In anticipation, rival Anthropic released the latest version of its own chatbot, Claude, earlier in the week, part of a race with Google and other competitors in the U.S. and China to leapfrog each other on AI benchmarks. Meanwhile, longtime OpenAI partner Microsoft said it will incorporate GPT-5 into its own AI assistant, Copilot.

Expectations are high for the newest version of OpenAI’s flagship model because the San Francisco company has long positioned its technical advancements as a path toward artificial general intelligence, or AGI, a technology that is supposed to surpass humans at economically valuable work.

It is also trying to raise huge amounts of money to get there, in part to pay for the costly computer chips and data centers needed to build and run the technology.

OpenAI CEO Sam Altman described the new model as a “significant step along our path to AGI” but mostly focused on its usability to the 700 million people he says use ChatGPT each week.

“It’s like talking to an expert — a legitimate PhD-level expert in anything, any area you need, on demand,” Altman said at a launch event livestreamed Thursday.

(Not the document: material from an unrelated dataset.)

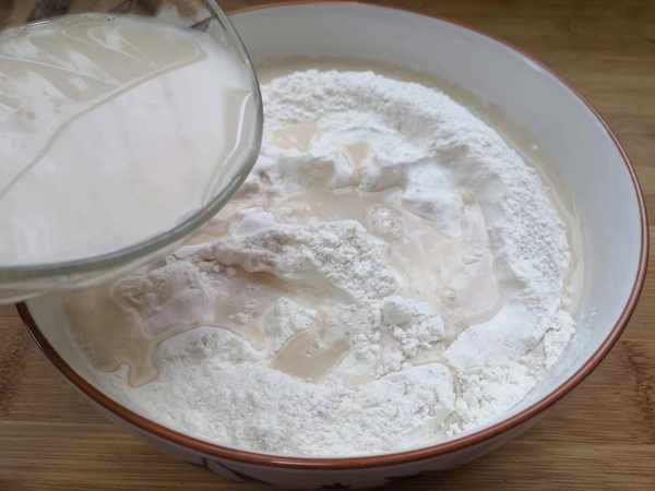 1、准备面粉500克,加入一小勺糖混合均匀,然后在一碗温水里加入5克酵母粉搅拌化开,酵母水慢慢加入面粉中,分次少量的加入水来和面,一边倒一边搅拌。
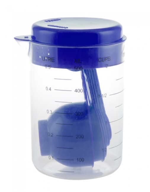 Plastic measuring set with cup (500 ml) and 6 matching colour spoons.

It may take some time to see how people use the new model — now available, with usage limits, to anyone with a free ChatGPT account. The Thursday event focused heavily on ChatGPT’s use in coding, an area where Anthropic is seen as a leader, and featured a guest appearance by the CEO of coding software maker Cursor, an important Anthropic customer.

OpenAI’s presenters also spent time talking about safety improvements to make the chatbot “less deceptive” and stop it from producing harmful responses to “cleverly worded” prompts that could bypass its guardrails. The Associated Press reported Wednesday on a study that showed ChatGPT was providing dangerous information about drugs and self-harm to researchers posing as teenagers.

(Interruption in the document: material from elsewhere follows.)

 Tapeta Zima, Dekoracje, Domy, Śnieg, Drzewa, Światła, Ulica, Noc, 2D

At a technical level, GPT-5 shows “modest but significant improvements” on the latest benchmarks, but when compared to GPT-4, it also looks very different and resets OpenAI’s flagship technology in a way that could set the stage for future innovations, said John Thickstun, an assistant professor of computer science at Cornell University.

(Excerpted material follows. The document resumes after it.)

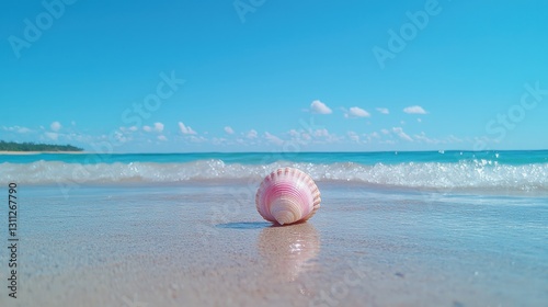 Seashell on a pristine beach with gentle waves under a vibrant blue sky.
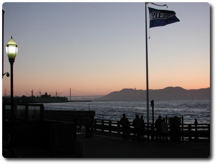 The day has almost ended as the Golden Gate Bridge is fading

“I’m not a believer that it’s the end of work and that AI is just going to solve all humanity’s problems for it, but I do think there’s still a lot of headroom for them, and other people in this space, to continue to improve the technology,” he said. “Not just capitalizing on the gains that have already been made.”

OpenAI started in 2015 as a nonprofit research laboratory to safely build AGI and has since incorporated a for-profit company with a valuation that has grown to $300 billion. The company has tried to change its structure since the nonprofit board ousted Altman in November 2023. He was reinstated days later.

It has not yet reported making a profit but has run into hurdles escaping its nonprofit roots, including scrutiny from the attorneys general in California and Delaware, who have oversight of nonprofits, and a lawsuit by Elon Musk, an early donor to and founder of OpenAI who now runs his own AI company.

Most recently, OpenAI has said it will turn its for-profit company into a public benefit corporation, which must balance the interests of shareholders and its mission.

OpenAI is the world’s third most valuable private company and a bellwether for the AI industry, with an “increasingly fragile moat” at the frontier of AI, according to banking giant JPMorgan Chase, which recently made a rare decision to cover the company despite it not being publicly traded.

The inability of a single AI developer to have a “sustained competitive edge” could increasingly force companies to compete on lowering the prices of their AI products, the bank said in a report last month.

The Associated Press and OpenAI have a licensing and technology agreement that allows OpenAI access to part of AP’s text archives.